Data section start
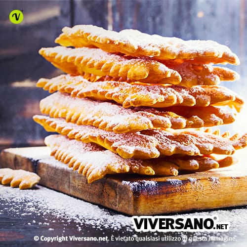 Le chiacchiere di carnevale sono conosciute anche con i nomi di sfrappole o frappe, a seconda delle regioni. La ricetta originale prevede che le chiacchiere siano fritte, ma noi abbiamo cercato di renderle più leggere e digeribili con la cottura al forno e con l’utilizzo dell’olio di semi di girasole invece che del classico burro.
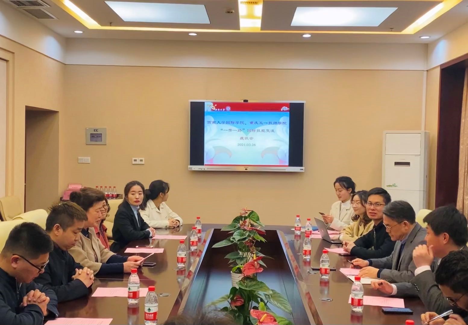 活动开始前举行座谈交流,重庆市教育国际交流协会副秘书长、巡视员张新,公司党总支书记刘猛,历史文化学院 民族学院副经理王勇,五一技师学院国际交流合作中心主任古毅以及中外员工代表等参加会议。会议由张新副秘书长主持。
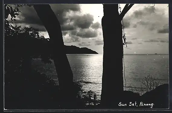AK Penang, Sun Set on the shore, 3-funnel steamer on the horizon
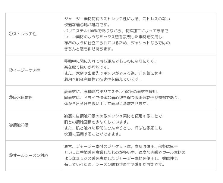 通常、ジャージー素材のジャケットは、春夏は薄手、秋冬は厚手といった季節感を意識したものが多い中、「トロッタージャケット#003」は、ポリエステル素材でありながら適度な肉感でまるでウール素材のようなミックス感を表現したジャージー素材を使用し、「トロッタージャケット#000」の持つ機能性も同様に装備することで、通年着用できるストレスフリーで快適なジャケットに仕立てました。
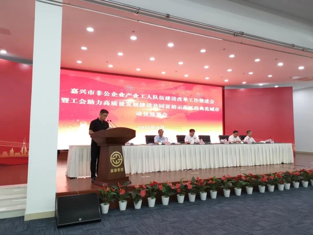 巨石集團在嘉興市工會助力高質量發(fā)展建設共同富裕示范區(qū)的典范城市動員部署會上作表態(tài)發(fā)言
Data section end
◆ Exercise ◆
What you return should match the material line for line, with the images removed.

◆ Response to this exercise ◆
 Le chiacchiere di carnevale sono conosciute anche con i nomi di sfrappole o frappe, a seconda delle regioni. La ricetta originale prevede che le chiacchiere siano fritte, ma noi abbiamo cercato di renderle più leggere e digeribili con la cottura al forno e con l’utilizzo dell’olio di semi di girasole invece che del classico burro.
 活动开始前举行座谈交流,重庆市教育国际交流协会副秘书长、巡视员张新,公司党总支书记刘猛,历史文化学院 民族学院副经理王勇,五一技师学院国际交流合作中心主任古毅以及中外员工代表等参加会议。会议由张新副秘书长主持。
AK Penang, Sun Set on the shore, 3-funnel steamer on the horizon
 通常、ジャージー素材のジャケットは、春夏は薄手、秋冬は厚手といった季節感を意識したものが多い中、「トロッタージャケット#003」は、ポリエステル素材でありながら適度な肉感でまるでウール素材のようなミックス感を表現したジャージー素材を使用し、「トロッタージャケット#000」の持つ機能性も同様に装備することで、通年着用できるストレスフリーで快適なジャケットに仕立てました。
 巨石集團在嘉興市工會助力高質量發(fā)展建設共同富裕示范區(qū)的典范城市動員部署會上作表態(tài)發(fā)言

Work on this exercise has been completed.